What is clearly inadequate is the current U.S. patchwork. Illinois's BIPA and Texas's CUBI Act are strong state laws with private rights of action and meaningful penalties. But they cover only residents of those states, apply only after harm is alleged, and cannot be invoked against dormant code that has not yet collected data. There is no federal biometric privacy statute. The FTC has issued policy guidance on biometric information misuse and taken enforcement actions against specific companies, but it cannot impose comprehensive ex-ante consent requirements — the kind that would make NameTag-style silent deployments illegal before they ship, not merely embarrassing when discovered.
Meta's internal memo about launching "when advocacy groups would be focused on other concerns" is the tell. The company is not deterred by enforcement risk; it is deterred by political attention. That is a fragile substitute for law.
What Good Policy Would Require
A proportionate federal biometric privacy framework would need three elements. First, affirmative, informed consent before any biometric identifier is collected, processed, or stored — including code that is technically dormant.
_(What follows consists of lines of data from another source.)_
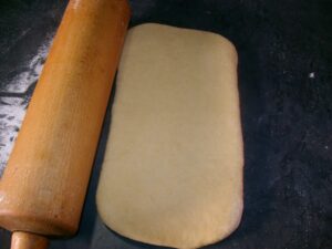 - Roll the dough out on a lightly floured work surface (1cm thick). This will make it easier to pass through the machine.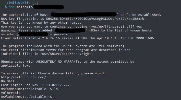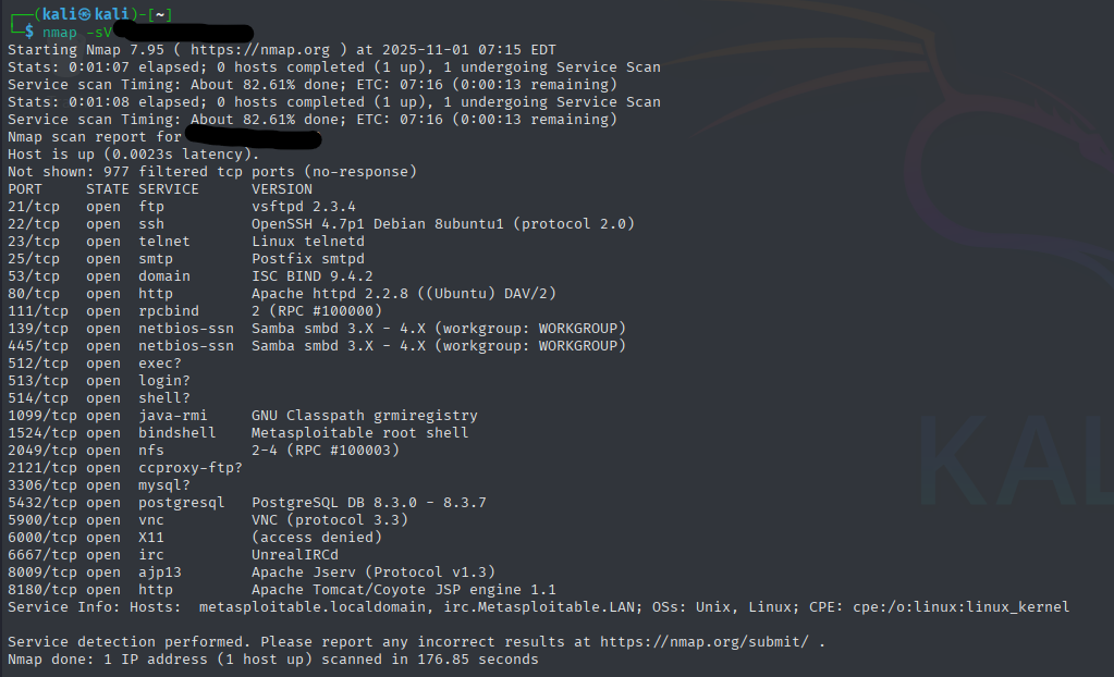 Metasploitable2 is vulnerable Linux virtual machine created by Rapid7 for learning and practicing ethical hacking or penetration testing skills. The system includes many intentionally outdated and misconfigured services such as web applications, ssh configurations and insecure databases.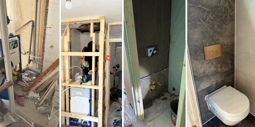 Het nieuwe toilet is van alle gemakken voorzien: een strak hangtoilet, grote 120×60 tegels, een geborsteld metalen bedieningspaneel, vloerverwarming en zelfs een stopcontact. Alles is vanaf nul opgebouwd, netjes weggewerkt en tot in detail afgewerkt. Het resultaat? Een modern, comfortabel toilet dat echt waarde toevoegt aan de woning en het woongemak een flinke upgrade geeft.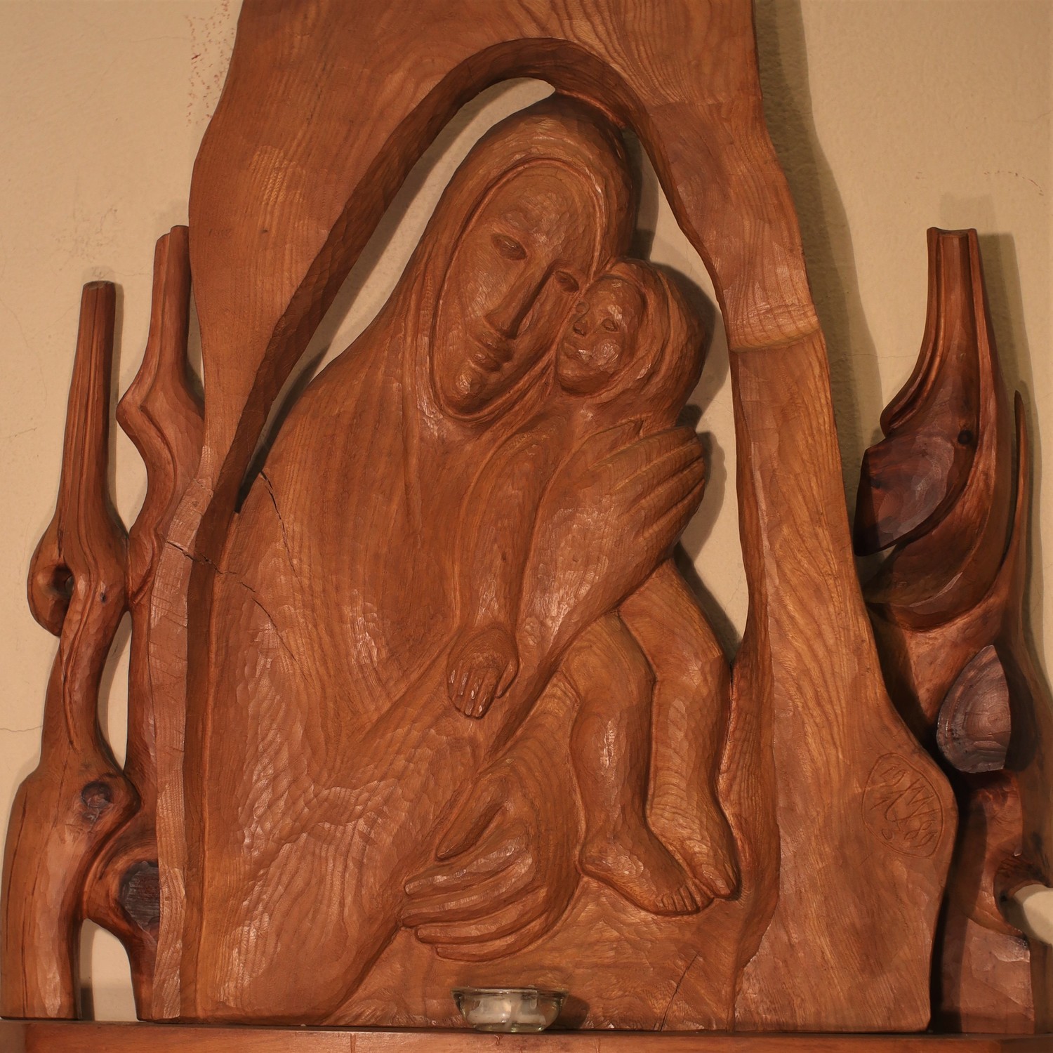 Das geschnitzte Marienbild mit dem Jesus-Kind an der rechten Außenwand in Form eines großen Medaillons bringt einen vertrauensvoll-freundlichen Ton in den Sakralraum, der ansonsten von der Aufforderung zur tätigen Nächstenliebe geprägt wird! Gleichzeitig drücken die Bildnisse aber auch aus, dass jeder, auch der Ärmste, der Verzweifelte, der Heruntergekommene hier Gemeinschaft finden kann.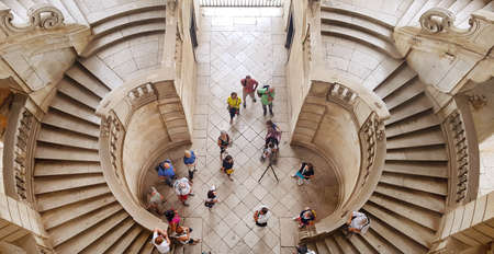 BUDAPEST - May 05, 2019: People take photo old spiral staircase, spiral stairway inside an old house in Budapest. Project Budapest 100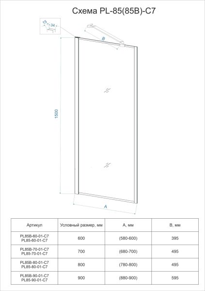 Шторка на ванну Veconi Palau PL-85, 700x1500, хром, стекло прозрачное
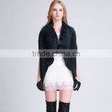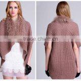 Popular Fashion Ladies Knitted Wool Cape With Mongolian Fur Collar Wool Cape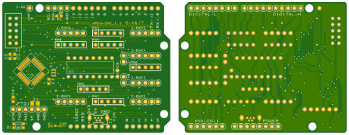 Die Leiterplatte kann in zwei Bestückungsvarianten aufgebaut werden. Die einfacher aufzubauende Variante „Shield“ ist als Zusatz für einen Arduino Uno R3 SMD gedacht. Voraussetzung ist, dass der Anschluss A6, der nur in der SMD-Variante des ATMega328 verfügbar ist, auch über die Leiterplatte zugänglich ist. Dies ist nicht bei allen Ausführungen der Fall. Alle anderen Anschlüsse werden für die Drehimpulsgeber und die Peripherie benötigt. Die je zwei Impulsausgänge der Drehimpulsgeber werden an Ports des Arduino geführt. Die Drucktaster werden an einen I²C-Portexpander PCF8574 gefüht. Der Interruptausgang initiiert über A6 des Arduino die Portabfrage beim Zustandswechsel.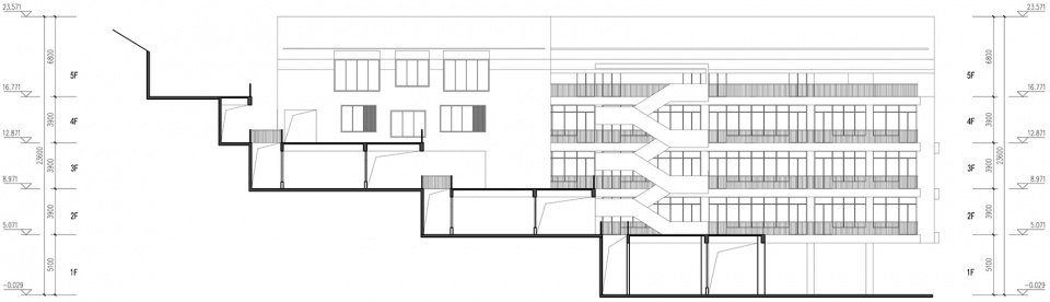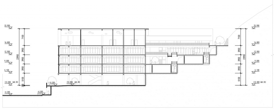 In Italy, Spain and some other places, villages are sometimes “visiblely”spread out on the top of mountains. However, villages in China are mostly “hidden” at the foot of the mountain or on the mountainside. In this project, we try to lower the height of the four teaching buildings as much as possible, making it as the same height of the contour line and lay out radially along the mountain. Between the teaching buildings, there are stepped garden platforms, which are spreading along at the foot of the mountain. Under the stepped platforms, many auxiliary functions are arranged on each floor, such as corridors, teachers’ offices and toilets. These rooms all have open windows facing the corridor, and additional patio windows on one side to meet the needs of moisture insulation, ventilation and lighting.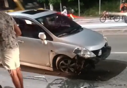 Segundo o motociclista, o carro rodou na pista, atravessou o canteiro central e só parou ao bater no meio-fio, quase provocando um segundo acidente. A frente do veículo ficou completamente destruída. Além do homem, uma criança estava dentro do veículo no momento do acidente.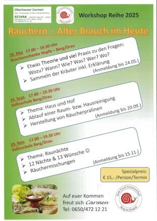 Carmen Oberhauser, FNL-Kräuterfachfrau führt auf gekonnt professionelle Art und Weise in dieses Alte Brauchtum ein. Nach der Einführung in die Theorie werden Fragen zu Wozu? Wann? Wie? Was? Wer? Wo? beantwortet, Kräuter gesammelt und deren Wirkung beim Räuchern besprochen.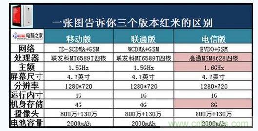 處理器方面,搭載了高通MSM8628四核1.6GHz A7架構處理器,架構方面和移動版、聯(lián)通版紅米手機相同,主頻提高了100MHz,性能方面也有所提升。內存方面依舊維持1GB RAM。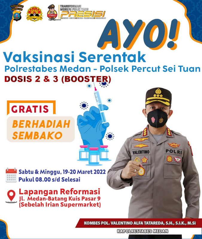 Vaksinasi dilaksanakan di Lapangan Reformasi, Jalan Medan-Batang Kuis Pasar 9 (Sebelah Irian Supermarket), Kecamatan Percut Sei Tuan, Sabtu dan Minggu, 19-20 Maret 2022.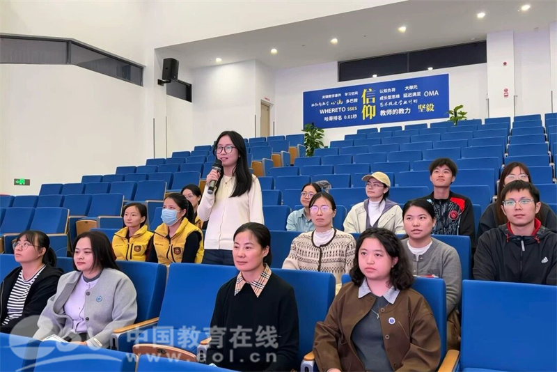活动现场,师徒互动问答将气氛推向高潮。青年教师们围绕“如何上好课”“如何关注每位学生”“如何兼顾不同学习需求”等实际问题进行提问,指导教师们结合具体案例,既传授实用方法,更强调教育需要“耐心、共情与持续观察”的职业素养。整场活动既有专业指导的深度,又充满教育传承的温度。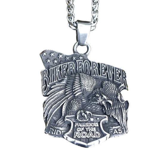 Exprimez toute votre passion de la route avec ce pendentif moto au design emblématique “Biker Forever”. Véritable hommage à l’âme libre des motards, il affiche fièrement l’aigle américain et le drapeau étoilé, symboles de puissance et d’indépendance. Conçu en acier inoxydable 316L, il offre une brillance durable et une résistance à toute épreuve, même sur les longs trajets. Ses détails minutieux lui confèrent un relief saisissant et un caractère authentique. Plus qu’un bijou, ce pendentif moto est une déclaration d’appartenance à une communauté de passionnés pour qui la route est bien plus qu’un simple chemin : c’est un mode de vie.

Second, private rights of action with statutory damages, so enforcement is not entirely dependent on overstretched regulators or investigative journalists. Third, transparency mandates requiring companies to disclose what biometric-capable code has been deployed to consumer devices, even in non-activated form.
The third element is the most novel and the most necessary. Code distributed to 50 million devices but "not exposed to consumers" is still a deployment decision. It bypasses the consent process by design. A mandatory disclosure requirement would have made the NameTag rollout publicly known before WIRED discovered it — and would have given regulators and the public an opportunity to respond before the capability was one configuration flag away from activation.
Public shaming produced the right outcome this time. It is not a governance model that scales.